The screening device that Gramatikov is developing will be held about 12 inches from the eyes, allowing remote examination of a child without head restraint, so that the child can be seated in a parent’s lap or in a high chair. In a semidarkened room, the operator will activate a small flashing light and beeping sound that will draw the child’s attention and eye focus. As the child looks at the light, the device will take repetitive readings each half-second, and will signal the operator when a successful measurement is completed.

“The real challenge is to get the 3-year-olds to look at the target,” said Gramatikov, who notes that although the operation of the device will be simple enough for a nonspecialist to use, the technology behind it incorporates basic research, clinical validation and a strong translational component.

“This work is very diverse and interdisciplinary,” Gramatikov said, “involving the anatomy of the eye at the microscopic level, medical knowledge, biophysics, optics, optomechanics, computer modeling, electronics, optoelectronics, computer science, programming, signal processing, instrument design, user interface, safety issues and so on.” The development of the pediatric vision scanner will build on previous laboratory work he has done with Johns Hopkins collaborators David Guyton, David Hunter and Kristi Irsch.

The Hartwell Foundation each year selects 10 research institutions to participate in its grant competition.

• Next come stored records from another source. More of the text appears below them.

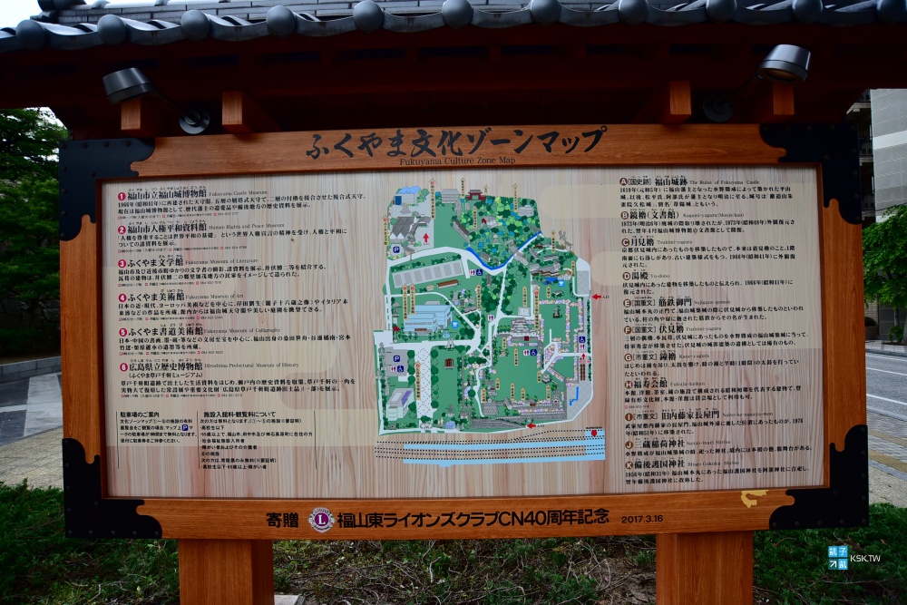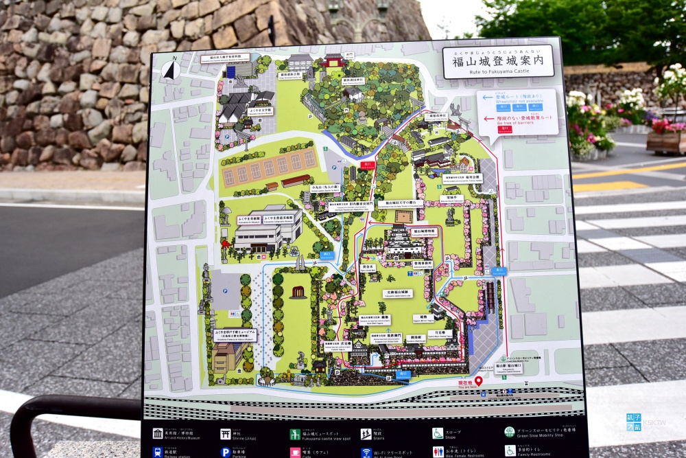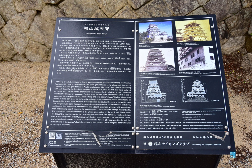 「福山城」築於西元1622年,首任城主正是江戶幕府初代將軍「德川家康」的表弟「水野勝成」,您來到這邊都會看到主打著築城400多年的歷史。但也受到1873年日本廢城令、1945年二戰空襲的影響,天守等建築受到嚴重毀損,是直到1966年才重建天守閣、月見櫓…這些,2022年在進行築城400年的大規模整修之後再重新開放。
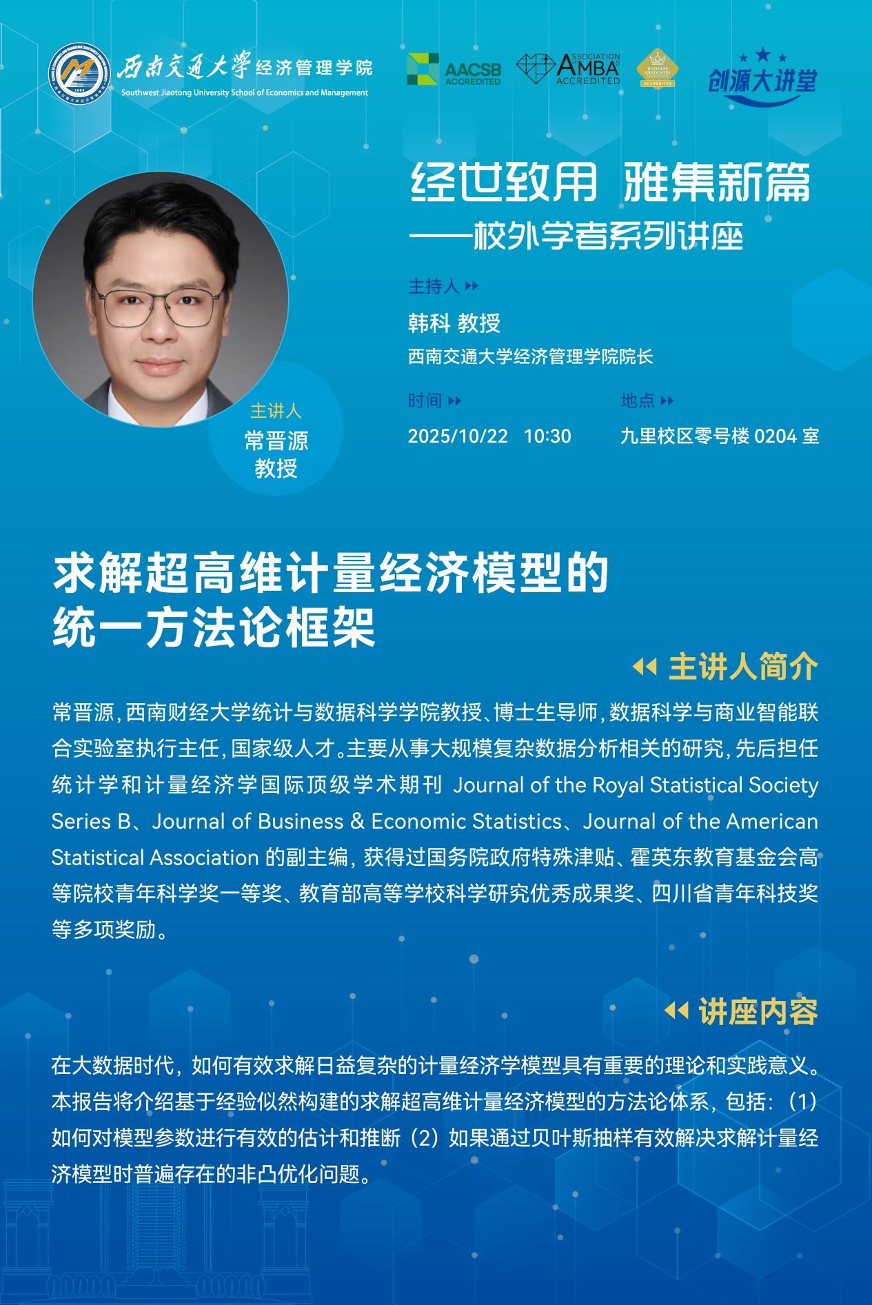 Speaker ProfileCHANG Jinyuan is a Professor and Doctoral Supervisor at School of Statistics and Data Science, Southwestern University of Finance and Economics, and Executive Director of Joint Laboratory for Data Science and Business Intelligence. He is a recipient of a national-level talent award, with research focusing on the analysis of large-scale, complex data. He is an Associate Editor for top-...
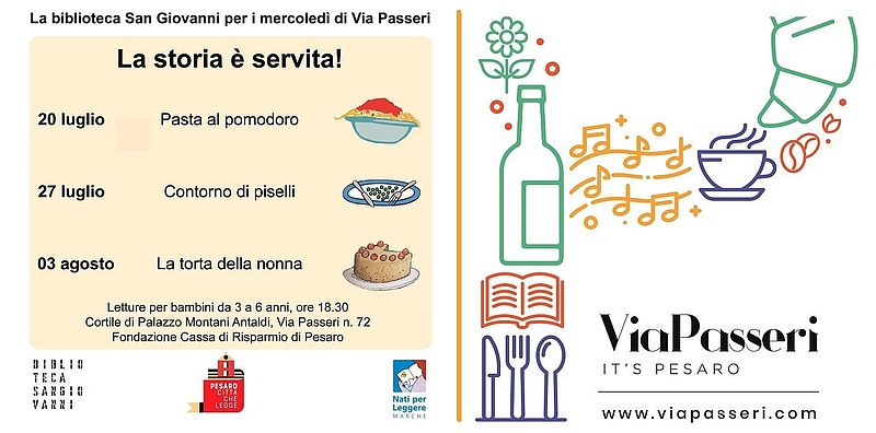 Prima di trascorrere una piacevole serata in Via Passeri c’è un gustoso menù di storie per genitori e bambini, lette ad alta voce dalle bibliotecarie e dalle lettrici volontarie di Nati per Leggere
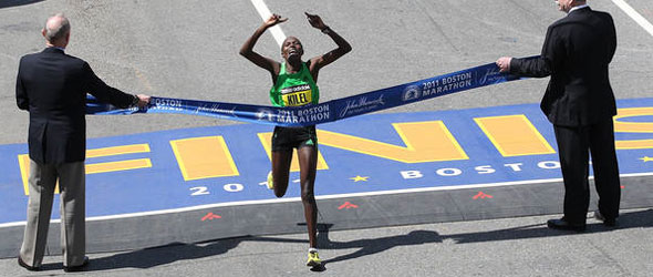 BOSTON – (April 18, 2011) – The 115th running of the Boston Marathon on Monday turned out to be one of the record books – it just depends on which ones you want to rewrite.Kenya’s Geoffrey Mutai, 29, ran the fastest marathon in history – 2 hours, 3 minutes, 2 seconds – a time 57-seconds faster than the world record set by Haile Gebrselassie at Berlin in 2008 and an almost incomprehensible three minutes better than Robert Kiprono Cheryuoit’s course record of 2:05:52, which was deemed virtually untouchable when he set it last year. Mutai’s mark will not count as a world record, however, because the Boston course exceeds the IAAF limits on drop and separation from start to finish. Similarly, Ryan Hall’s fourth place U.S. course record 2:04:58 won’t erase Khalid Khannouchi’s 2:05:38 from London 2002 as the U.S. record. In short, the Boston course is not record standard.
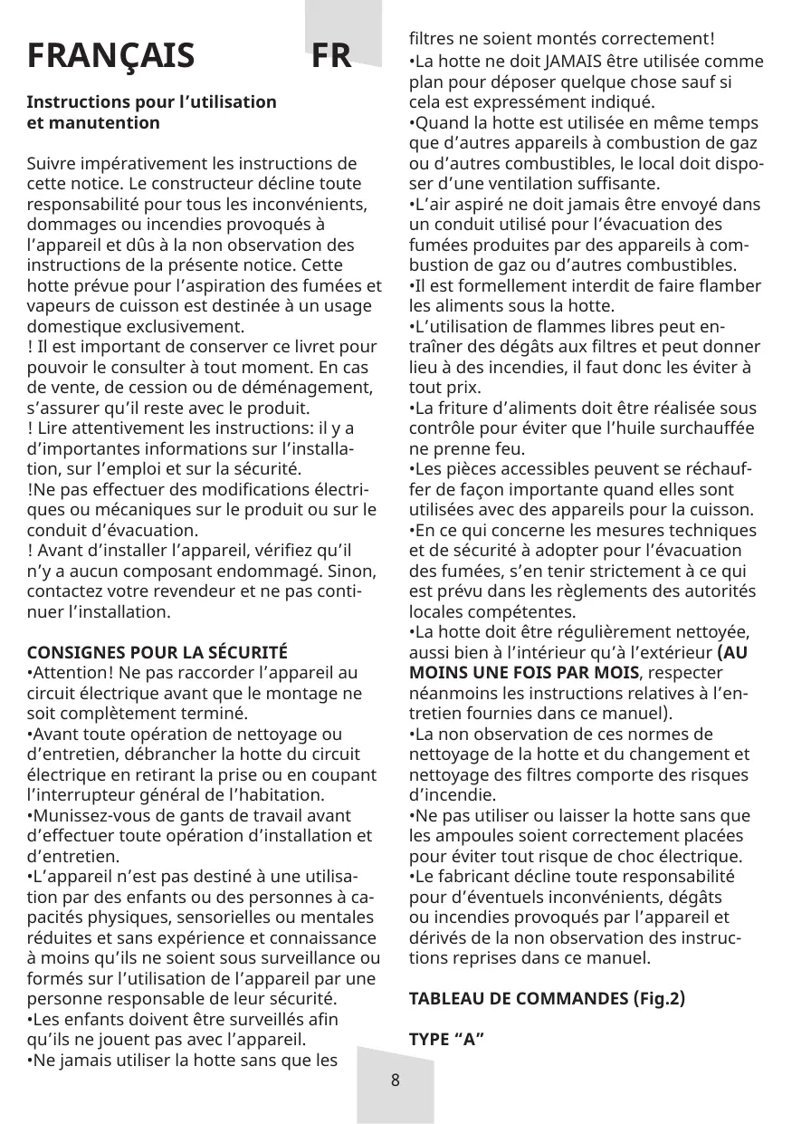 filtres ne soient montés correctement! •La hotte ne doit JAMAIS être utilisée comme plan pour déposer quelque chose sauf si cela est expressément indiqué. •Quand la hotte est utilisée en même temps que d’autres appareils à combustion de gaz ou d’autres combustibles, le local doit disposer d’une ventilation suffisante. •L’air aspiré ne doit jamais être envoyé dans un conduit utilisé pour l’évacuation des fumées produites par des appareils à combustion de gaz ou d’autres combustibles. •Il est formellement interdit de faire flamber les aliments sous la hotte. •L’utilisation de flammes libres peut entraîner des dégâts aux filtres et peut donner lieu à des incendies, il faut donc les éviter à tout prix. •La friture d’aliments doit être réalisée sous contrôle pour éviter que l’huile surchauffée ne prenne feu. •Les pièces accessibles peuvent se réchauffer de façon importante quand elles sont utilisées avec des appareils pour la cuisson. •En ce qui concerne les mesures techniques et de sécurité à adopter pour l’évacuation des fumées, s’en tenir strictement à ce qui est prévu dans les règlements des autorités locales compétentes. •La hotte doit être régulièrement nettoyée, aussi bien à l’intérieur qu’à l’extérieur (AU MOINS UNE FOIS PAR MOIS, respecter néanmoins les instructions relatives à l’entretien fournies dans ce manuel). •La non observation de ces normes de nettoyage de la hotte et du changement et nettoyage des filtres comporte des risques d’incendie. •Ne pas utiliser ou laisser la hotte sans que les ampoules soient correctement placées pour éviter tout risque de choc électrique. •Le fabricant décline toute responsabilité pour d’éventuels inconvénients, dégâts ou incendies provoqués par l’appareil et dérivés de la non observation des instructions reprises dans ce manuel.

In 2010 it extended an invitation to Johns Hopkins to nominate four faculty researchers to submit proposals for the Individual Biomedical Research Award, an invitation Hopkins has received and accepted every year since the awards program began in 2006. Researchers from Johns Hopkins have been named Hartwell Investigators in each of the past four years.

The Hartwell Foundation recognizes research institutions that fully participate in the nomination process with funding for a Hartwell Fellowship, which supports one postdoctoral fellow of their choice who exemplifies the values of the foundation. The award supports scientists in the early stages of biomedical research careers by enabling them to pursue further specialized training as part of their career development. Eric Meisner, a postdoc in the Whiting School’s Department of Computer Science, was selected by Johns Hopkins to receive the 2009 Hartwell Fellowship, which provides direct support of $50,000 annually for two years. Meisner’s goal is to develop a less invasive, more accurate way to diagnose and treat stenosis, a narrowing of the airway just below the level of the vocal cords in infants and children.